Когда, измученный утренней толчеей в приемном, Гремин наконец вошел в кабину лифта и нажал на кнопку с цифрой пять, он ожидал, что встретит в химиотерапевтическом привычную размеренность и тишину. Он заблуждался несколько секунд, пока кабина скрежетала между этажами, тяжело одолевая восхождение. Все миражи развеялись единым махом ее распахнувшихся дверей, и перед Греминым явились разорение и хаос. Вскрылись бетонные полы, и штукатурка сыпалась со стен, койки, исторгнутые из палат, то тут, то там стояли в коридорах, то поставленные на попа, то будто бы расшвырянные взрывом. И ни души кругом.
Вскоре узнал, что всю последнюю неделю здание НИИ трясло, словно и впрямь стояло на песке. Низко ходили тучи над Песочным, задевали ретрансляторы на крыше онкоцентра. И, видно, истончили, иссекли дождями перекрытия, так что однажды утром рухнула часть потолочной плиты в кабинете Чуденского, грохнула об пол, раздавила в щепы стол заведующего, зашибла по касательной юного аспиранта Юрченко.

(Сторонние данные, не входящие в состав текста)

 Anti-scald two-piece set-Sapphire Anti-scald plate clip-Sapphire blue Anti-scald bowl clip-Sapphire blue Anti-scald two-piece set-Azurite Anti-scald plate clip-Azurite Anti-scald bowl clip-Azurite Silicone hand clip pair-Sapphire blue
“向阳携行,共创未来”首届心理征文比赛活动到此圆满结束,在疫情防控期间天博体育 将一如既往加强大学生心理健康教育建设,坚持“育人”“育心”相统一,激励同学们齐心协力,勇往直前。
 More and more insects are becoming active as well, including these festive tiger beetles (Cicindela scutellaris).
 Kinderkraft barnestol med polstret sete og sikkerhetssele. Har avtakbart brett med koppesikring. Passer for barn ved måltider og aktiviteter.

Случись Чуденскому быть на рабочем месте – и поминай, как звали. Но Вячеслав Андреевич тогда замешкался на проходной и появился позже.

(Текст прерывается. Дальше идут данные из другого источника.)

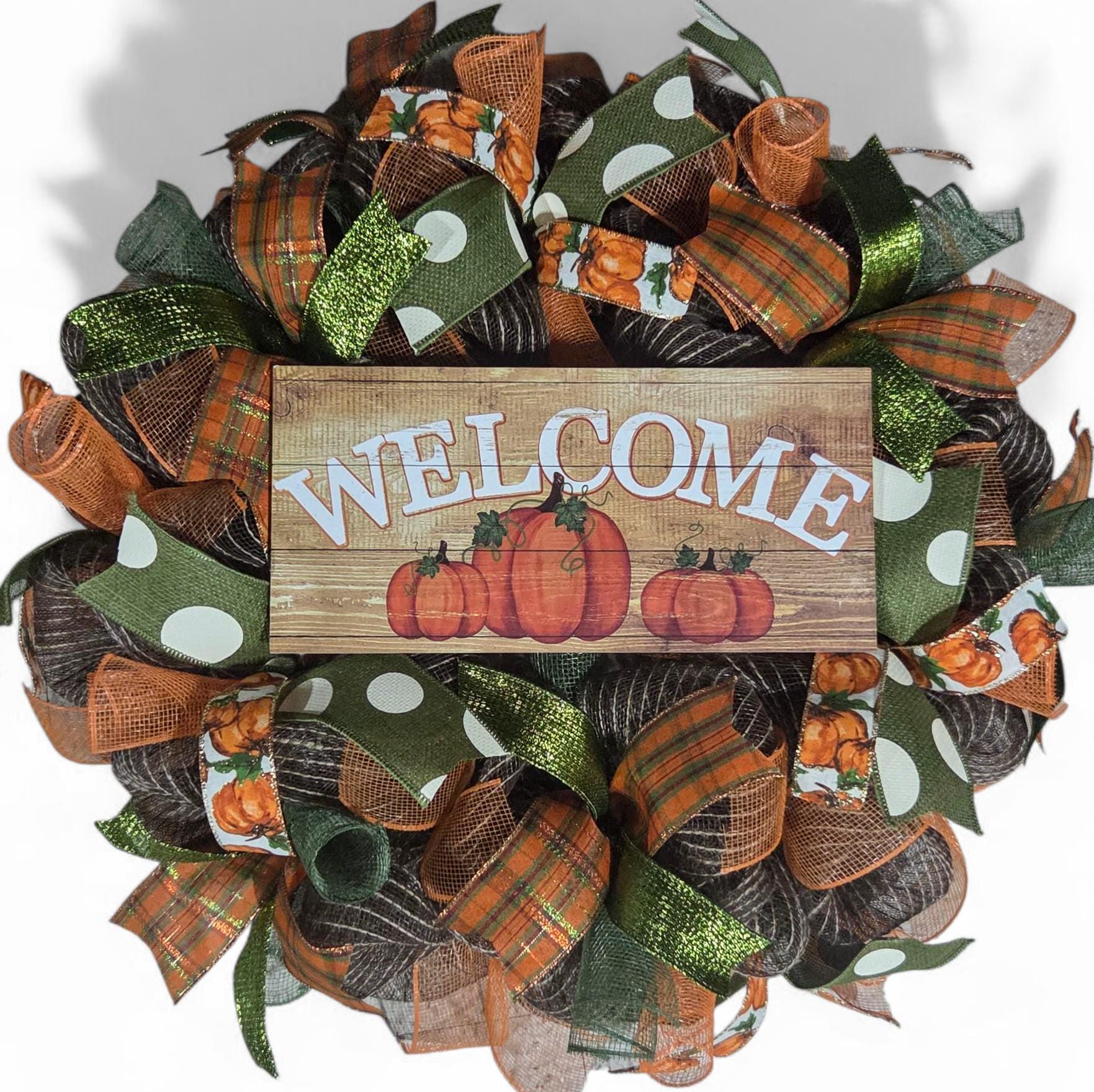 This fall filled 24" x 8" wreath was created on a chocolate jute mesh base and is covered in twists of green and orange!
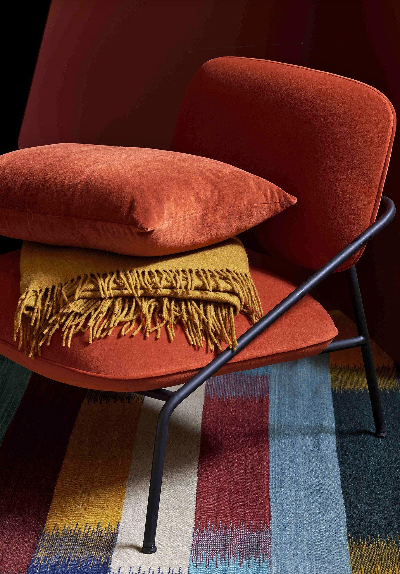 Fionnuala advises starting with neutral walls: ‘That way, the strong furniture shapes and colours will really pop. Try vibrant vermilion orange, rich plum tones or bold teal. This look can take three or more colours in one space because of the richness of each colour in the collection.’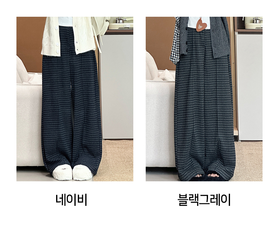 체크 와이드 뒷 밴딩 팬츠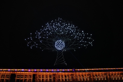 每日傍晚于互动表演区有1,000架无人机升空表演,结合音效、照明与AR投影的户外展演,带来震撼视觉与听觉体验!

С того дня персонал НИИ и пациенты отделения смотрели вслед заведующему. И любопытство их мешалось чуть ли не с благоговейным трепетом. Гремин подозревал: нашлись бы и такие, кто не отказался бы отрезать у Чуденского прядь волос на удачу.
Верхи затеяли ремонт, и в воздухе химиотерапевтического запахло не одним лишь спиртом и столовой, но – строительными смесями, водоэмульсионкой, пыльной взвесью. Хрустела под ногами штукатурка, по линолеуму пролегла ковровая дорожка тряпок и половиков. Стены выкрашивались в новый беж, неповоротливые двери сменил податливый пластик, на окна вместо штор опущены были забрала жалюзи, и Гремину казалось, что меняются не только интерьеры отделения, но и научная парадигма НИИ Петрова.

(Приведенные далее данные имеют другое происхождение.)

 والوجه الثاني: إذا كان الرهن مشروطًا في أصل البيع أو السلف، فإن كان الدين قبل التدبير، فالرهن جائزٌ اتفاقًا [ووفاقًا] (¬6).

По извести и битой штукатурке Толя осторожно, чуть не крадучись, прошел в самый конец крыла, в последнюю свою палату, когда-то переоборудованную из процедурки, в дальний тупик, куда ремонтные работы не дошли еще. И всякий день с тех пор, покуда долго шел к себе сквозь отделение, он наблюдал, как движется пылевым облаком ремонт по химиотерапевтическому: словно ползет на берег пенная волна или туман. Оплот привычных интерьеров, не менявшихся с самого основания НИИ, день ото дня сужался вокруг Гремина, как ледяная лунка Серой шейки. И Толя чувствовал: когда совсем сомкнется, и ему несдобровать – выметут вон, как мусор.